Тут ко мне обратился профессор Пардон:
-- А мне казалось, что вы родились в России, и что ваша фамилия -- это
анаграмма, полученная из Боткин или Бодкин?
Кинбот: "Вы меня путаете с каким-то беглецом из Новой Земблы"
(саркастически выделив "Новую").
-- Не вы ли говорили, Чарльз, что kinbote означает на вашем
языке "цареубийца"? -- спросил мой дражайший Шейд.
-- Да, губитель королей, -- ответил я (страстно желая пояснить, что
король, утопивший свою подлинную личность в зеркале изгнания, в сущности, и
есть цареубийца).
Шейд (обращаясь к немецкому гостю): "Профессор Кинбот -- автор
замечательной книги о фамилиях. Кажется [ко мне], существует и английский
перевод?"
-- Оксфорд, пятьдесят шестой, -- ответил я.
-- Но русский язык вы все-таки знаете? -- спросил Пардон. -- Я,
помнится, слышал на днях, как вы разговаривали с этим... как же его... о
Господи (старательно складывает губы).
Шейд: "Сэр, мы все испытываем страх, подступаясь к этому имени"
(смеется).
Профессор Харлей: "Держите в уме французское название шины --
punoo".
Шейд: "Ну, сэр, боюсь, вы всего лишь пнули препятствие" (оглушительно
смеется).
-- Покрышкин, -- скаламбурил я. -- Да, -- продолжал я, обращаясь к
Пардону, -- разумеется, я говорю по-русски. Видите ли, этот язык был в ходу
par excellence{11}, и гораздо более французского, во всяком случае, среди
земблянской знати и при Дворе. Теперь, конечно, все изменилось. Теперь
именно в низших сословиях силком насаждают русскую речь.

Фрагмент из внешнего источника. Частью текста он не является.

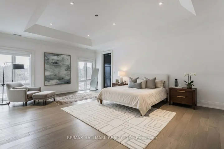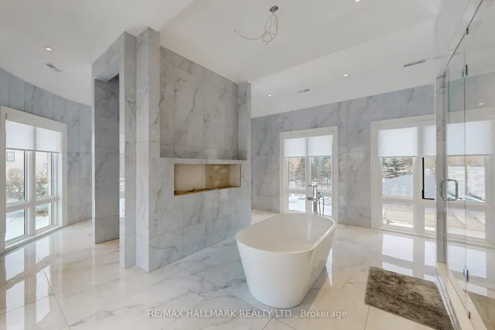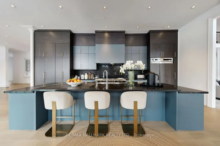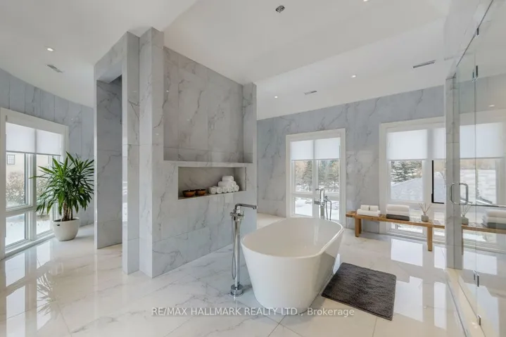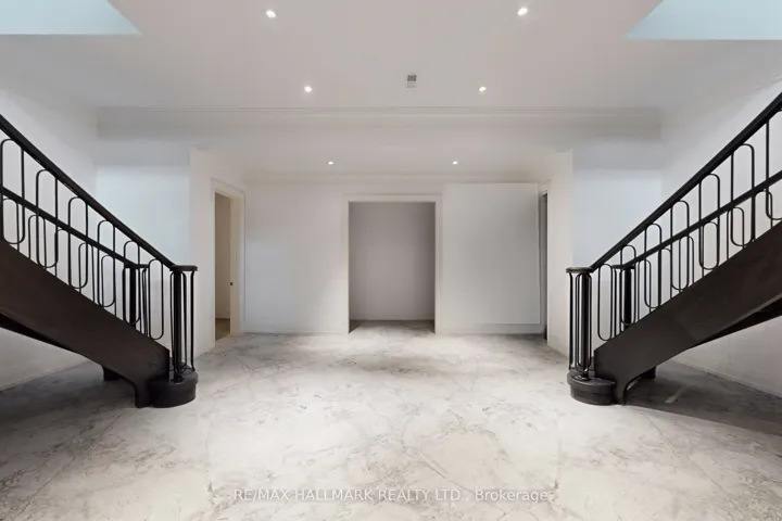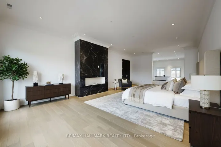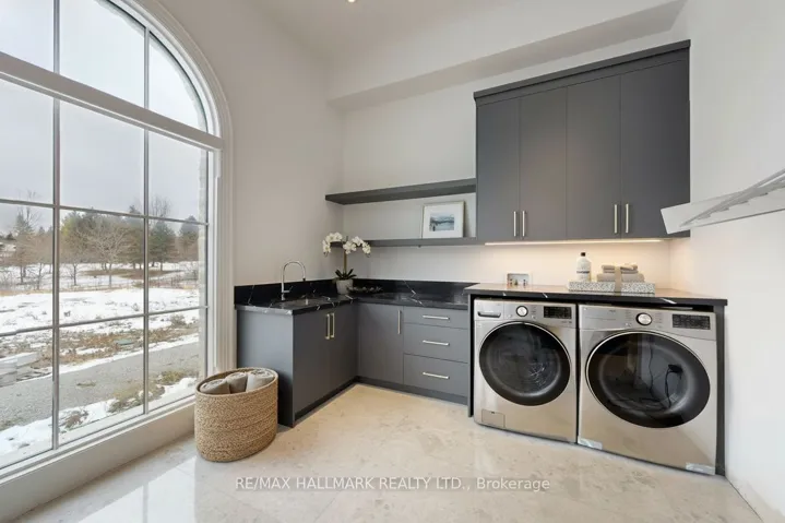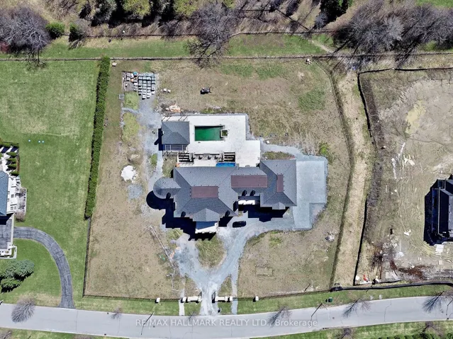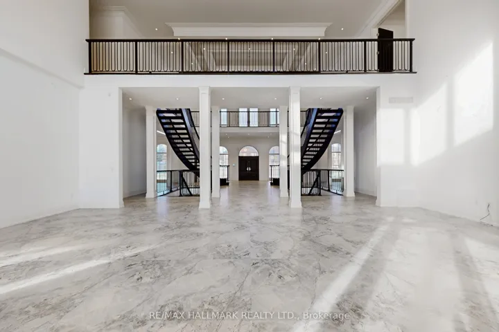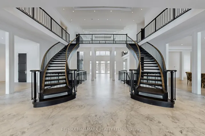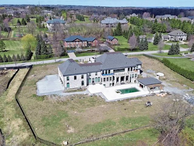 +"PublicRemarks": "Approx. 18,000 Sq Ft Of Custom Architectural Estate Living In Prestigious Fairfield Estates, King Township. This exceptional residence showcases grand scale, refined craftsmanship, and thoughtfully designed spaces throughout. A dramatic two-storey foyer opens to elegant principal rooms, including a formal sitting room, dining room, and a breathtaking great room with approx. 25.5-ft ceilings and floor-to-ceiling windows. The chef's kitchen is complemented by a fully equipped service kitchen and overlooks the backyard, pool, and cabana. The main level offers a private bedroom suite, conservatory/office wing, spacious mudroom, pet wash station, elevator, and main-floor laundry. A 4-car garage inc EV charging, multiple openers, and direct interior access. The upper level features multiple bedroom suites, elevator access, an open gallery overlooking the great room, a library with private balcony, additional laundry, and sitting area with walkouts to balcony. The primary retreat occupies its own wing and includes a boutique-style dressing room with centre island, spa-inspired ensuite with steam shower and soaker tub, and a walkout to the balcony spanning the rear of the home with views of the pool and countryside. The lower level includes a large rec rm with walkout, a music rm, extensive storage, a full kitchen, bedroom suite, movie theatre and a wellness area w/sauna & steam rm. Finished with quartz countertops throughout, hardwood & porcelain flooring, 8-ft doors, multi-zone HVAC, security system, and cameras. Private well and septic. A rare opportunity to own a thoughtfully designed estate offering luxury, comfort, and modern infrastructure!"

-- Но ведь и мы пытаемся преподавать в школах русский язык, -- сказал
"розовый".
Пока мы беседовали, в дальнем конце комнаты обыскивал книжные полки
молодой Эмеральд. Ныне он воротился с томом "T-Z" иллюстрированной
энциклопедии.
-- Ну-с, -- сказал он, -- вот вам ваш король. Правда, он тут молодой и
красивый. ("Нет, это не годится", -- заныл немецкий гость.) Молодой,
красивый и в сногсшибательном мундирчике, -- продолжал Эмеральд. -- Голубая
мечта, да и только!
-- А вы, -- спокойно сказал я, -- испорченный щенок в дешевой зеленой
куртке.
-- Да что я такого сказал? -- воззвал к обществу молодой преподаватель,
разводя руками совсем как ученик в "Тайной вечери" Леонардо.
-- Ну будет, будет, -- сказал Шейд. -- Я уверен, Чарльз, что наш юный
друг вовсе не желал оскорбить вашего государя и тезку.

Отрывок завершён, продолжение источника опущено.